Nickerson begins by conducting an en masse rights advisory presentation to the dozen men sitting before him. A translator simultaneously speaks in Spanish, often drowning out the judge's words.
The presentation is intended to inform immigrants of the basic rules, including the evidentiary rules of the court and their right of appeal.
At times, some of the dozen immigrants lean forward, straining to hear Nickerson and the translator, whose words are nearly inaudible. Some of the men raise their hand and ask questions, while others appear confused.
Nickerson is one of two judges at the Lancaster court. More than 8,500 cases were filed before them in 2007.
The Lancaster court's caseload is expected to increase this year as the number of detainees increases from 800 to 1,400, as part of a planned expansion at the facility.

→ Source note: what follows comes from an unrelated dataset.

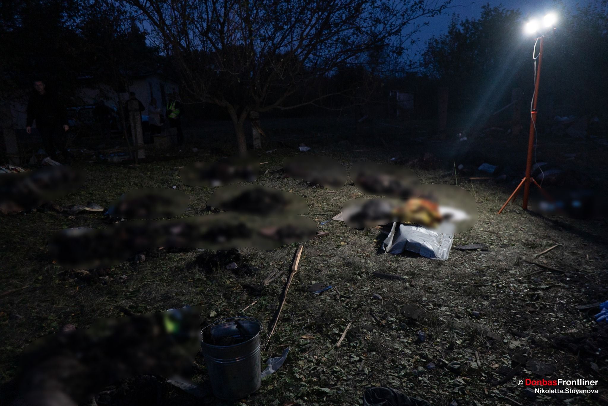 Фотограф Donbas Frontliner поделилась ужасающими кадрами после удара по селу Гроза. Родственники и знакомые убитых плачут и ходят от тела к телу.
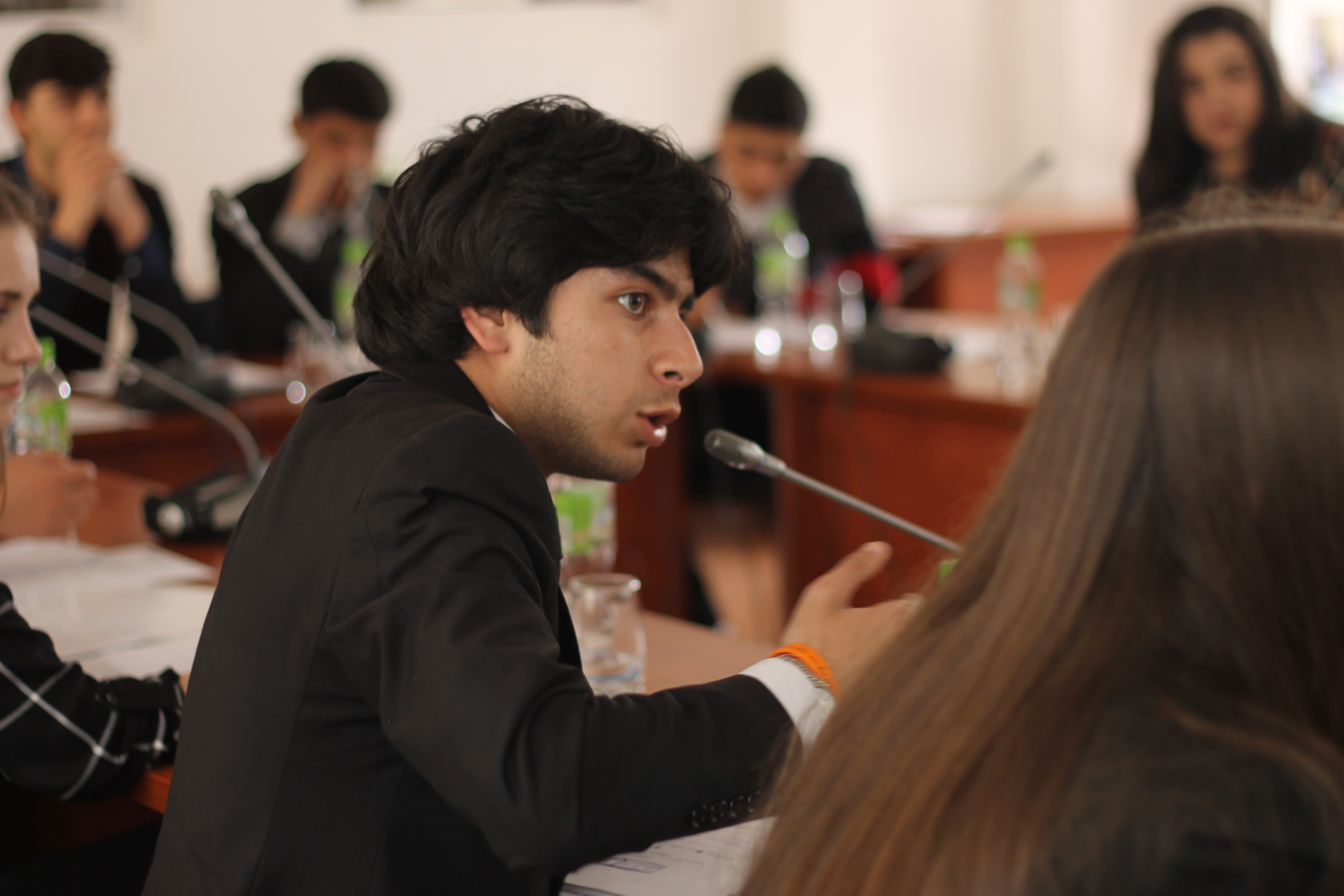 Mehroj Sherov, a student from the Tajik branch of Moscow State University, asking a question, Dushanbe, 22 March 2017.

Help is expected to arrive this month when Laurent finally takes the bench. A former immigration trial attorney, he was selected last August, but his appointment stalled because of a rigorous new application, evaluation and interview process that can take a year, according to the Justice Department.
The immigration courts' troubles are hardest on detained immigrants, some of whom are waging life-or-death battles to stay in the United States.
"This puts tremendous pressure on detained immigrants to give up their cases, especially if you are sitting in an overcrowded facility with poor health care," Frenzen said.
He said one client sat in an immigration detention center two years, while the immigrant's case wound its way through the immigration courts.
Similar accounts are offered by some of the immigrants once held at the San Pedro facility that abruptly closed last year. Many of those immigrants spent more than a year in detention while their cases were rescheduled or moved to new court venues.
Frenzen said such delays could leave immigrants and families in a dangerous kind of limbo.
"Many of our clients have very strong claims, and in some cases, the delays have endangered the lives of family members," Frenzen said. "We have clients who have spouses and children in hiding. So the delays and our inability to win relief means we can't get those family members out of the country."